→ Description of the task: Output begins at the line with "LO TIENE TODO: Un" and ends at the last line of the records below. Copy each line in that span exactly, and leave out pictures.

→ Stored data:
**********

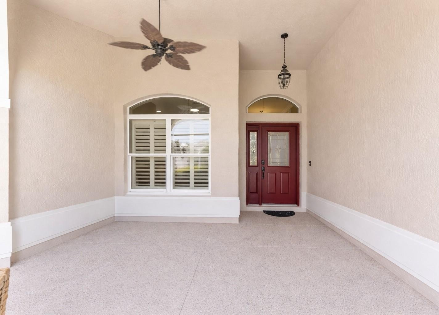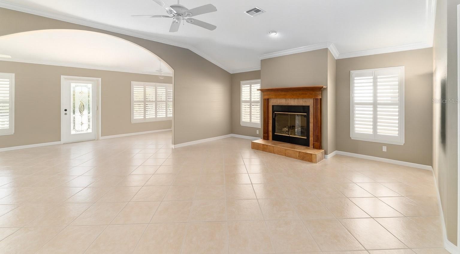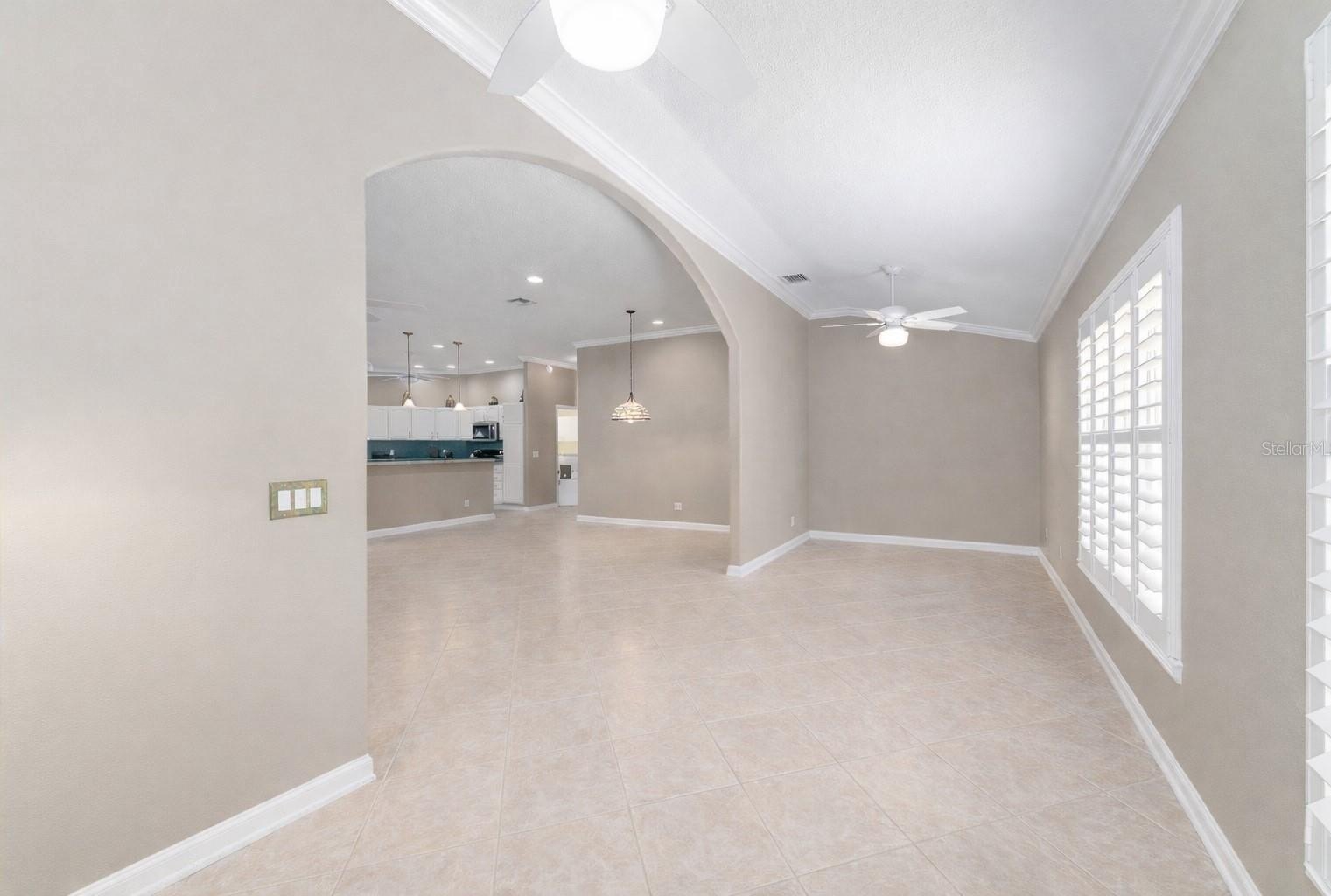 The curb appeal is so inviting with recently painted exterior/trim, painted driveway, and manicured trees/shrubs. You initially enter a large Screened Front Porch (165 SQ FT) which allows for relaxation amidst the beautiful landscaping or for entertaining guests. As you enter the home you'll notice the vaulted ceilings, round wall corners and other luxury upgrades. There is extensive CROWN MOULDING and PLANTATION SHUTTERS throughout this home. There are TWO SOLAR TUBES, updated Ceiling Fans and Fixtures and NO POPCORN CEILINGS! The kitchen boasts beautiful CORIAN countertops, updated Cabinets, and newer STAINLESS STEEL Appliances. There is updated kitchen lighting and ROLL OUTS in the kitchen cabinets for easy access. As a bonus, there are GAS HOOK-UPS, behind the stove and the clothes dryer! The Dining/ Living Room area is extra large for entertaining and comfortable seating with a GAS FIREPLACE for ambiance. The Primary Bedroom has beautiful laminate flooring, a vaulted ceiling, TWO WALK-IN CLOSETS and a large en-suite with an updated WALK-IN SHOWER and DOUBLE SINKS. The guest room has an Oversized Closet and is very inviting and bright. The 3rd bedroom or den (no closet) is set up as an OFFICE but has a MURPHY BED for additional guests. There is a convenient bathroom between these two bedrooms as well as a linen closet.
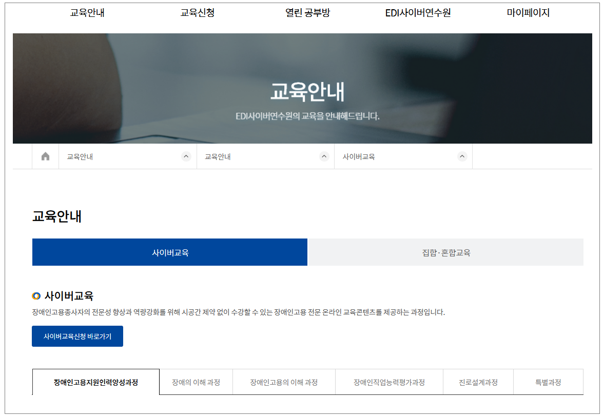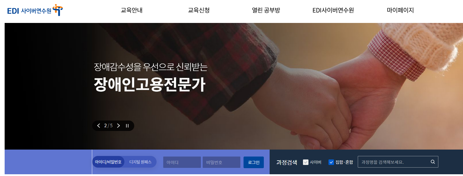 장애인 고용을 촉진하고 지원하기 위하여 한국장애인고용공단이 운영되고 있습니다. 그런가운데 EDI사이버연수원에서는 이런 장애인 고용 분야에 대한 전문적인 교육을 제공하는데요. 관련 분야의 고용의 활성화와 관련된 다양한 교육 프로그램이 운영되고 있으니 사이버연수원 잘 확인해보시기 바랍니다.
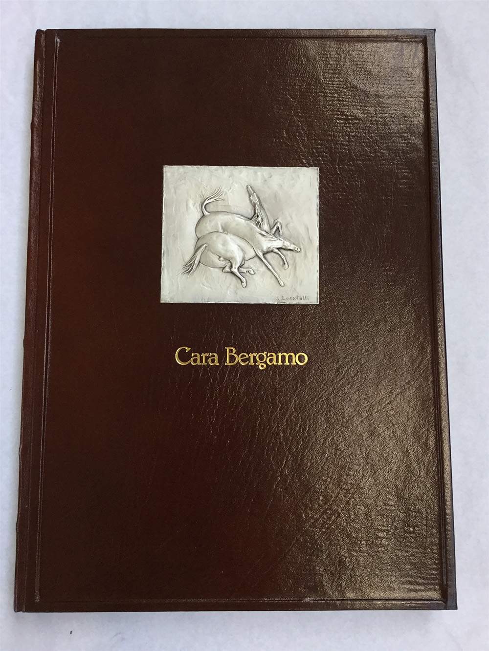 Cara Bergamo. Dieci litografie di Stefano Locatelli. Testi di Luigi Chiodi. Bergamo: Grafica e Arte Bergamo, 1982. Volume in folio grande, con dieci litografie firmate dall'artista. Esemplare 102/199. Legatura in piena pelle con bassorilievo in rame argentato eseguito da Locatelli, entro cofanetto.
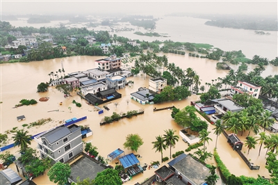 这是10月30日拍摄的琼海市博鳌镇留客村。受连日大范围强降水天气影响,琼海市万泉河流域多个沿河村庄被淹。海南省防灾减灾救灾委员会对琼海市启动防汛防风Ⅰ级应急响应,当地相关部门对受灾地区群众进行安置转移。新华社记者 张丽芸 摄
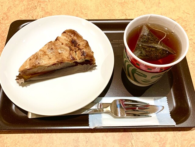 キラリナの開店10時前だったので、1階エレベーターから9階へ。エレベーターを降りるとすぐにスタバがあり、広くてポップで明るい店内に驚きました。奥にも席があり、そちらはシェアラウンジで有料とのことでしたが、普通にスタバだけの席もたくさんありました。平日だったからか混んでおらず、店員さんも新人さんといった感じもなく、スムーズに購入。毎年楽しみな青森県産アップルパイと最近ハマっているジョイフルメドレーのストレートを頂きました。アップルパイは、自宅で食べる時は冷やして食べるのですが、店内で頂くときは温めてもらいます。温かいカスタードとりんごの優しい甘さに癒されます。ほんのり酸味のあるブラックティーとウーロン茶を合わせジャスミンとアプリコットの風味のジョイフルメドレーがよく合います。吉祥寺はスタバが5店舗ほどありましたが、いつも混んでいて諦める時もあったので、新たに店舗が増え嬉しい限り。しばらくは混むかもしれませんがオススメです。アップルパイは期間限定ですお早めに。
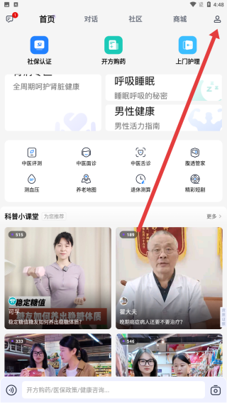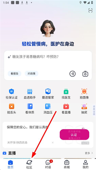 1、打开老来健康app,点击首页底部导航栏的社区选项,进入社区页面。
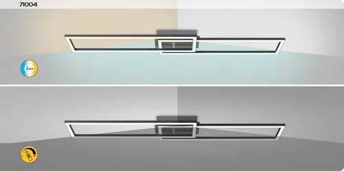 A szögletes elemekből felépülő Nefertum mennyezeti lámpa letisztult dizájnjával és sokoldalúságával tökéletes választás a legmodernebb nappaliba is. A fémből és műanyagból készült fekete modellt fehér műanyagbúra egészíti ki, a szögletes dísztalphoz két oldalirányban hosszan kinyúló téglalap alakú lámpaelem kapcsolódik. A Nefertum a G energiaosztályba tartozó beépített LED fényforrással rendelkezik, amelynek a teljesítménye 38 W, fényereje búrával 3150 lumen, búra nélkül 4400 lumen, élettartama pedig 25 000 óra. A lámpa színhőmérséklete 3000–6500 K között változtatható, ezenkívül dimmelhető, azaz fényereje is szabályozható, valamint memória, időzítő és éjszakai fény funkcióval is rendelkezik. Az extra funkciókat távirányító vagy telefonos alkalmazás segítségével szabályozhatjuk – a lámpa wifin keresztül vezérelhető. A Cooperius egy 1,5 V feszültségű és 400 mAh kapacitású akkumulátorral is fel van szerelve. A lámpa szélessége 1020 mm, magassága 200 mm, mennyezettől mért távolsága 65 mm.
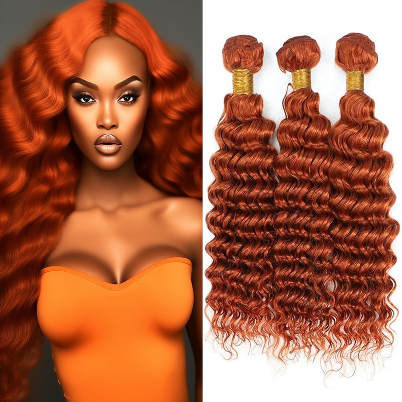 Ginger Deep Curly Bundles Human Hair Color 350 Deep Wave Bundles Orange Human Hair 8a Grade Double Weft Remy Hair Wet and Wavy Bundles Soft and Silky for Black Woman (24 26 28 inch,3 Bundles)
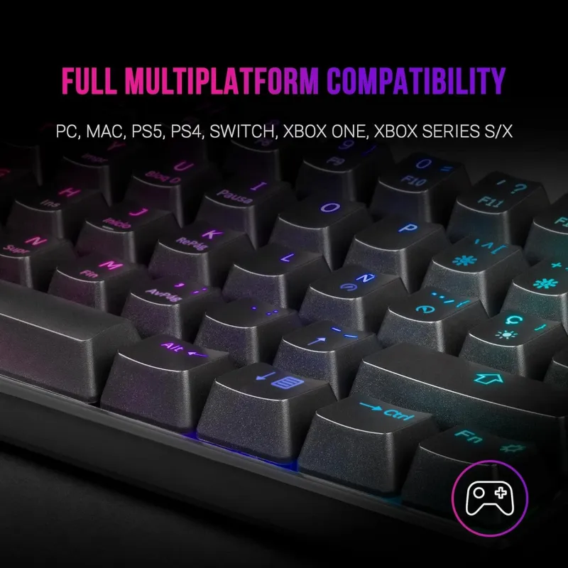 LO TIENE TODO: Un diseño compacto, una iluminación espectacular y un rendimiento excepcional. Podrás disfrutar de un teclado mecánico que ocupa poco espacio, que se adapta a tu estilo y que te ofrece una respuesta rápida y precisa en tus juegos. ¿A qué esperas para probarlo?
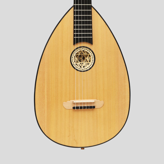 La guitarra laúd germánica tiene su origen en Alemania y se asocia con tocar junto al fuego. Su tamaño práctico, similar al de una guitarra, y su cuerpo con forma de laúd se transportan fácilmente y, con su cuenco de sonido grande y curvo, amplifica muy bien el instrumento.
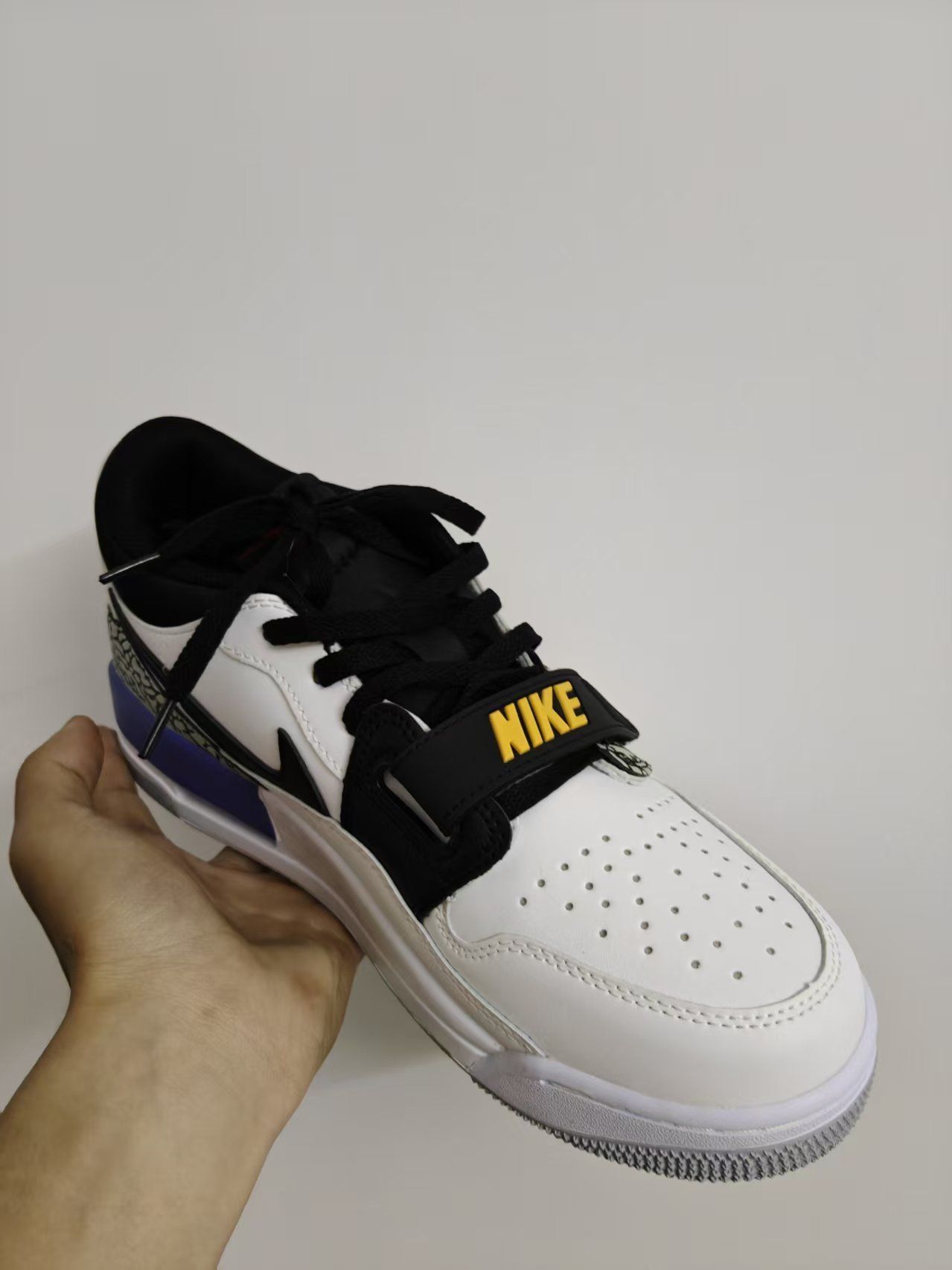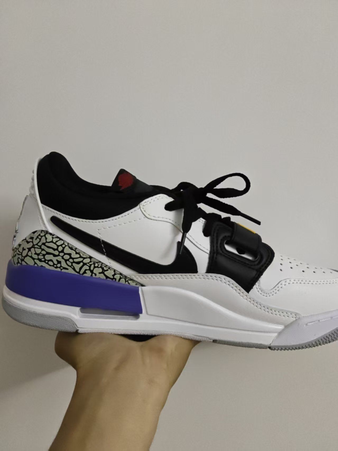 入手这双Jordan Legacy 312 low白黄紫真的很惊喜,整体颜值很在线。白黄紫撞色清爽亮眼,低帮复古鞋型搭配皮革鞋面,质感扎实细腻,街头感拉满,搭牛仔裤、运动裤都很出片。上脚包裹性不错,魔术贴设计贴合脚面,后跟气垫有基础缓震,日常通勤、逛街走路脚感舒适,久走不易累。皮革材质耐穿有型,就是鞋面容易留折痕,白色部分要勤打理。鞋身略偏硬,需要短暂磨合,宽脚建议选大半码。作为潮流复古篮球鞋,颜...
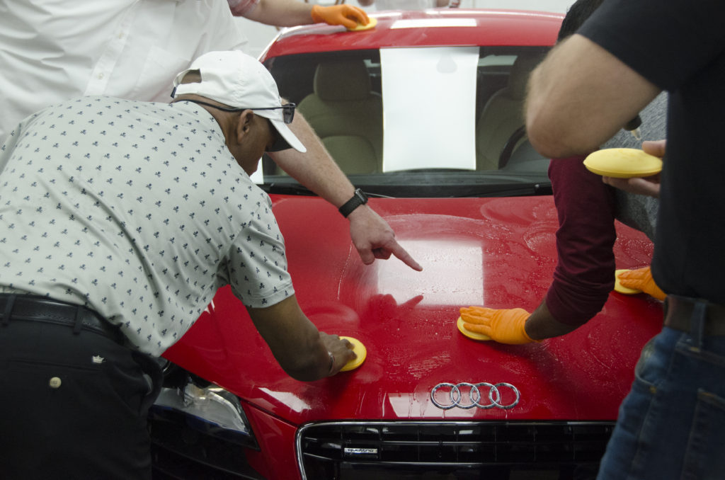 Participants were then given the opportunity to try using clay (with some Dr. Beasley’s Clay Spray, of course) to decontaminate. Some were understandably concerned about marring the paint, but we assured them we’d be able to fix any blemishes inflicted. Once that was understood, people started going to town with clay bars and clay cloths.

**********

→ Answer section:
 LO TIENE TODO: Un diseño compacto, una iluminación espectacular y un rendimiento excepcional. Podrás disfrutar de un teclado mecánico que ocupa poco espacio, que se adapta a tu estilo y que te ofrece una respuesta rápida y precisa en tus juegos. ¿A qué esperas para probarlo?
 La guitarra laúd germánica tiene su origen en Alemania y se asocia con tocar junto al fuego. Su tamaño práctico, similar al de una guitarra, y su cuerpo con forma de laúd se transportan fácilmente y, con su cuenco de sonido grande y curvo, amplifica muy bien el instrumento.
 入手这双Jordan Legacy 312 low白黄紫真的很惊喜,整体颜值很在线。白黄紫撞色清爽亮眼,低帮复古鞋型搭配皮革鞋面,质感扎实细腻,街头感拉满,搭牛仔裤、运动裤都很出片。上脚包裹性不错,魔术贴设计贴合脚面,后跟气垫有基础缓震,日常通勤、逛街走路脚感舒适,久走不易累。皮革材质耐穿有型,就是鞋面容易留折痕,白色部分要勤打理。鞋身略偏硬,需要短暂磨合,宽脚建议选大半码。作为潮流复古篮球鞋,颜...
 Participants were then given the opportunity to try using clay (with some Dr. Beasley’s Clay Spray, of course) to decontaminate. Some were understandably concerned about marring the paint, but we assured them we’d be able to fix any blemishes inflicted. Once that was understood, people started going to town with clay bars and clay cloths.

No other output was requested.